The Penn State Vertical Lift Research Center of Excellence is responsible for rotor design and analysis, rotorcraft flight-control development, scaled rotorcraft testbed development, ground testing support, and flight performance assessment.[43]

Scientific payload


Dragonfly is expected to launch in July 2028[44] and to take seven years to reach Titan, arriving by 2034.[45][46] The spacecraft is to perform a gravity assist flyby of Venus, and three passes by Earth to gain additional velocity.[47] The spacecraft would be the first dedicated outer solar system mission to not visit Jupiter, as it will not be within the flight path.[48]

Entry and descent

The cruise stage is to separate from the entry capsule ten minutes before encountering Titan's atmosphere.[39] The lander would then descend to the surface of Titan using an aeroshell and a series of two parachutes, while the spent cruise stage would burn up in uncontrolled atmospheric entry. The duration of the descent phase is expected to be 105 minutes.[49] The aeroshell is derived from the Genesis sample return capsule, and the PICA heat shield is similar to MSL and Mars 2020 design and should protect the spacecraft for the first six minutes of its descent.[49]

At a speed of Mach 1.5, a drogue parachute is to deploy, to slow the capsule to subsonic speeds.
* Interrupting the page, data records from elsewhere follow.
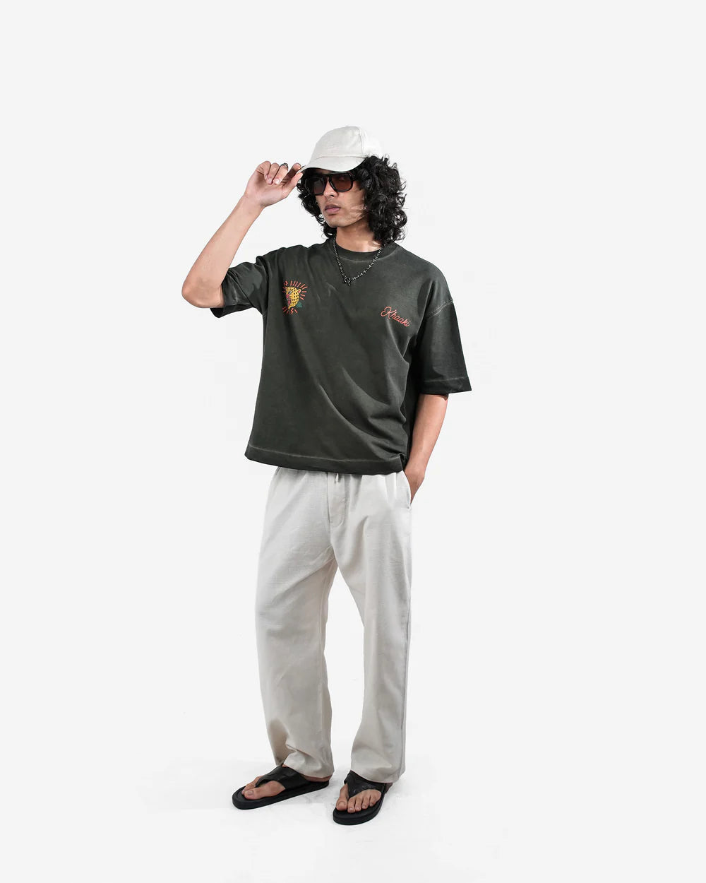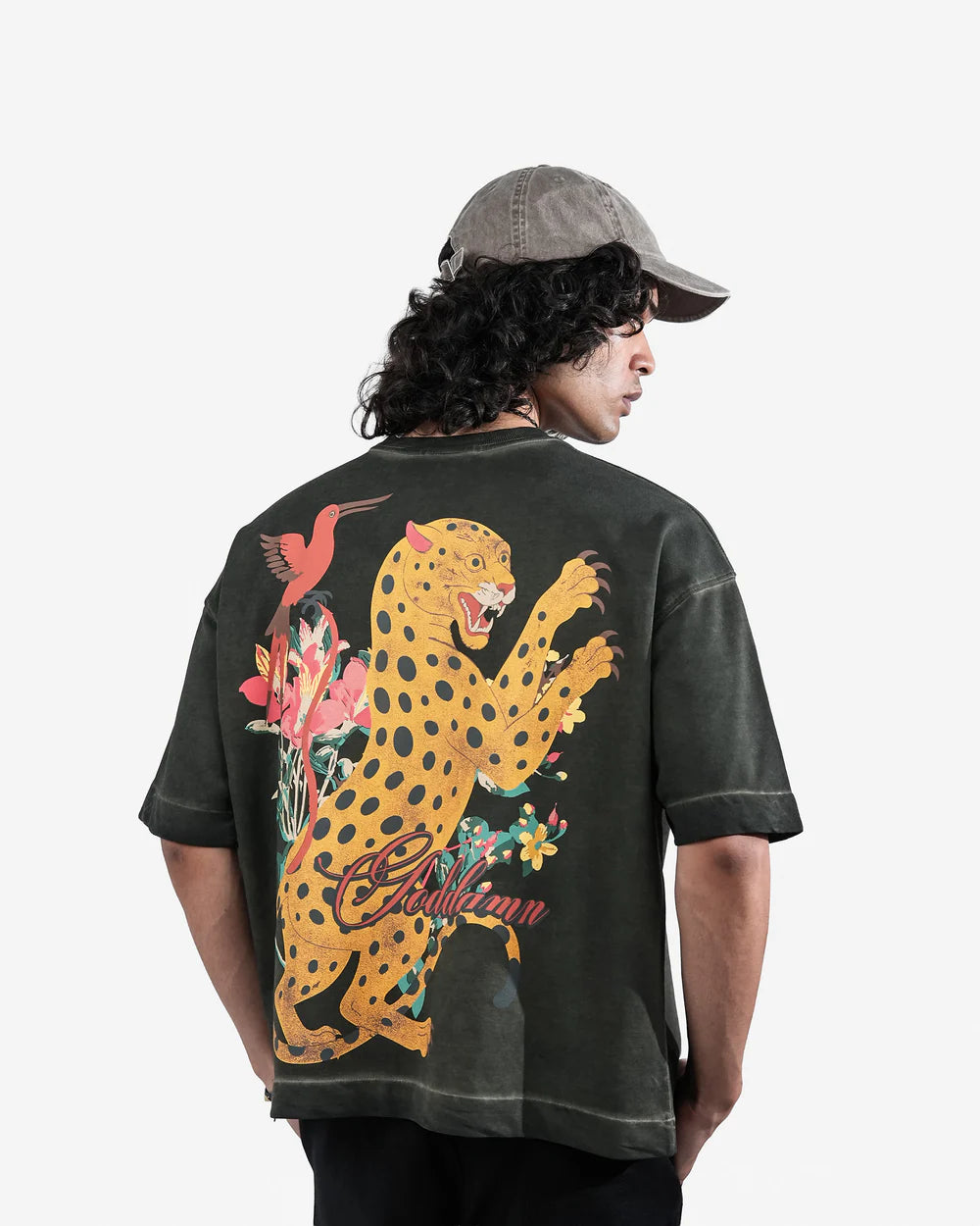 The Wild Realm Tee showcases asian artistry, weaving the vintage lived in look with the oil painted artwork to create a piece that feels both powerful and refined. Executed with a specialised screen printing technique, the graphic carries an oil-painted, gallery-worthy aesthetic—rich in depth, texture, and painterly detail.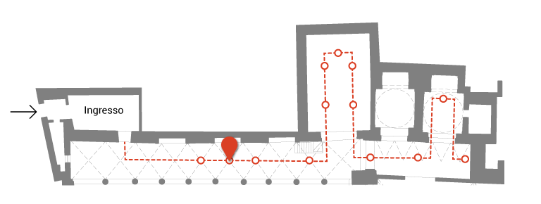 As evidenced by various payments made to him, the sculptor Giovanni Teutonico was responsible for “il crocifisso bello?, the “beautiful crucifix” that was originally placed in the middle of the church. His commission for this work was due to the attention of the abbot Gaspare Giordani from Pavia. This sculptor from the North specialized in wooden crucifixes with particularly expressive features, which often included theatrical elements, such as moveable arms, a protruding tongue and a small bag in the rib cage for blood that spilled. Giovanni Teutonico was in Umbria for a long time, and established a large and well-organized workshop. He is known to have been active in Terni, from 1482, and in Norcia in 1484. His work is found in other cities in Umbria, such as Assisi, Foligno, Spello, Bevagna, Trevi, and Narni, as well as surrounding regions, such as the Marches, Lazio, and Abruzzo.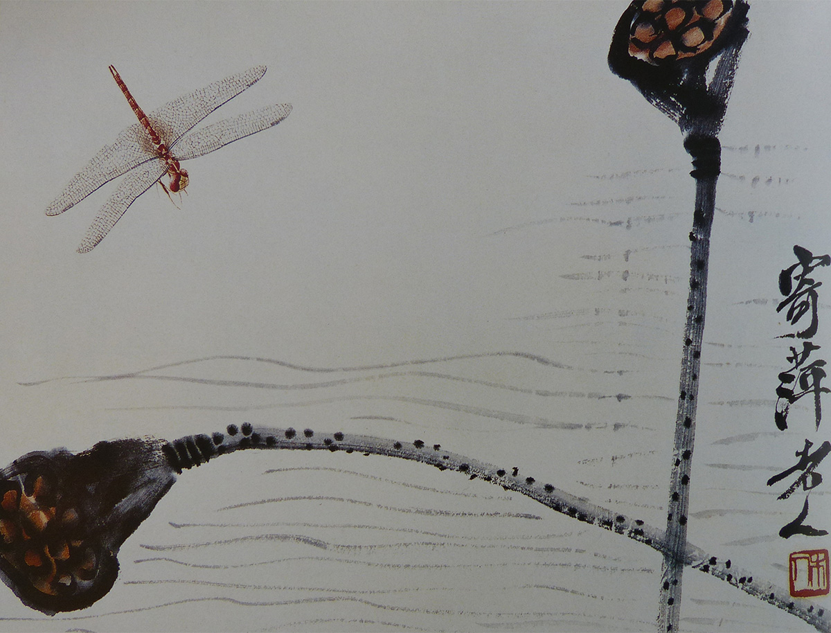 作品中,运用浓重的笔墨写出了一纵一斜两条交叉的主线,就使整个画面大局已定,完成了秋思的意蕴。沉着的莲蓬和轻盈的红色蜻蜓,形成了强烈的对比,使画面生机盎然的景象顿时跃然纸上。 在此作品中,白石先生运用篆书的手法,让整个画面充满了节奏感,给作品平添了许多意趣,笔墨的酣畅淋漓和独具魅力的笔墨意味,才使这样十分简单的构图生成了独特的艺术价值。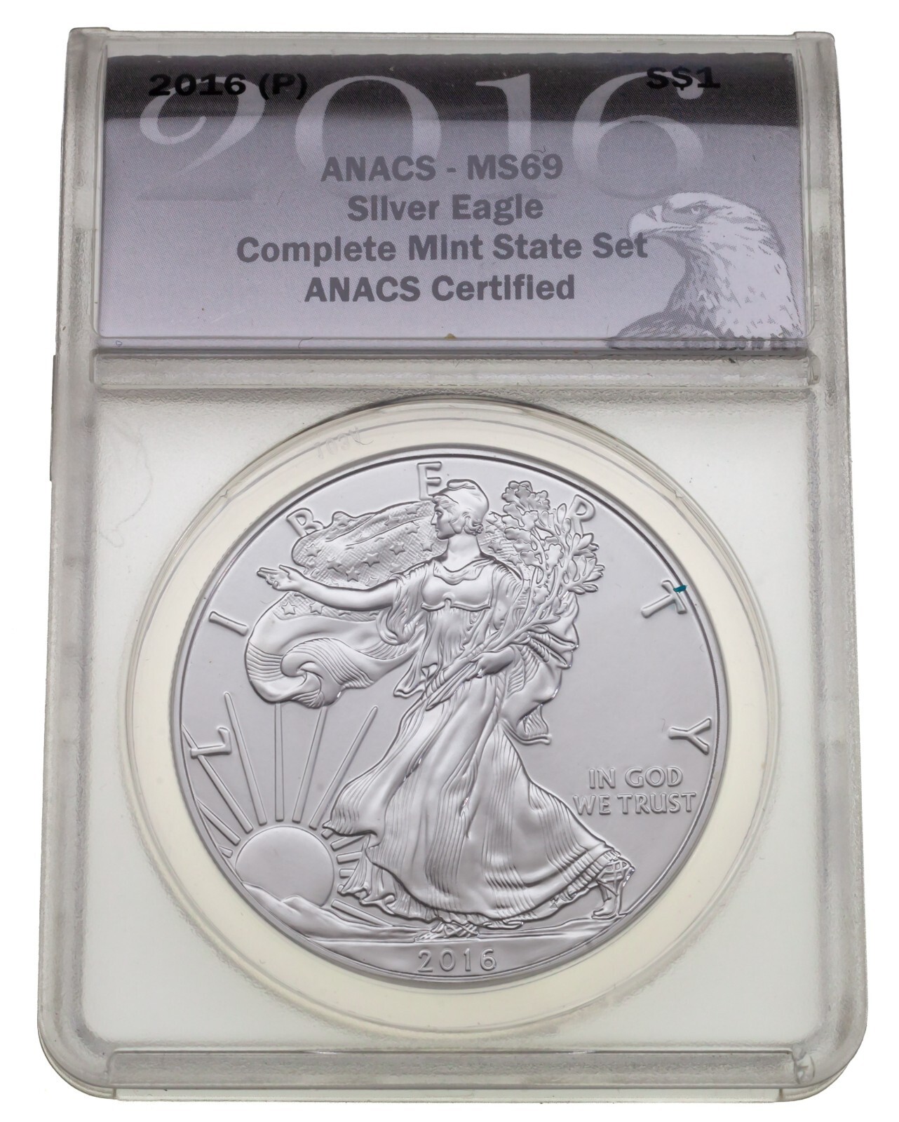 2016-(P) Argent American Eagle Classé Par Anacs Comme MS69 État Kit

Due to Titan's comparatively thick atmosphere and low gravity, the drogue chute phase should last for 80 minutes.[49] A larger main parachute is to replace the drogue chute when the descent speed is sufficiently low. During the 20 minutes on the main chute, the lander is to be prepared for separation. The heat shield is to be jettisoned, the landing skids are to be extended, and sensors such as radar and lidar are to be activated.[49] At an altitude of 1.2 km (0.75 mi), the lander should be released from its parachute for a powered flight to the surface. The specific landing site and flight operation are to be performed autonomously. This is required since the high gain antenna would not be deployed during descent, and because communication between Earth and Titan takes 70–90 minutes in each direction.[39]

Landing site

Shangri-La is the large, dark region at the center of this infrared image of Titan.
The Selk impact crater on Titan, as imaged by the Cassini orbiter's radar, is 90 km (56 mi) in diameter.[50]

The Dragonfly rotorcraft should land initially in dunes to the southeast of the Selk impact structure at the edge of the dark region called Shangri-La.[51][5] It is planned to explore this region in a series of flights of up to 8 km (5.0 mi) each, and acquire samples from compelling areas with a diverse geography. After landing, it is planned to travel to the Selk impact crater, where in addition to tholin organic compounds, there is evidence of past liquid water.[5]

The Selk crater is a geologically young impact crater 90 km (56 mi) in diameter, located about 800 km (500 mi) north-northwest of the Huygens lander.[52] (7°00′N 199°00′W / 7.0°N 199.0°W / 7.0; -199.0)[53][50] Infrared measurements and other spectra by the Cassini orbiter show that the adjacent terrain exhibits a brightness suggestive of differences in thermal structure or composition, possibly caused by cryovolcanism generated by the impact – a fluidized ejecta blanket and fluid flows, now water ice.[52][54] Such a region featuring a mix of organic compounds and water ice is a compelling target to assess how far the prebiotic chemistry may have progressed at the surface.[5]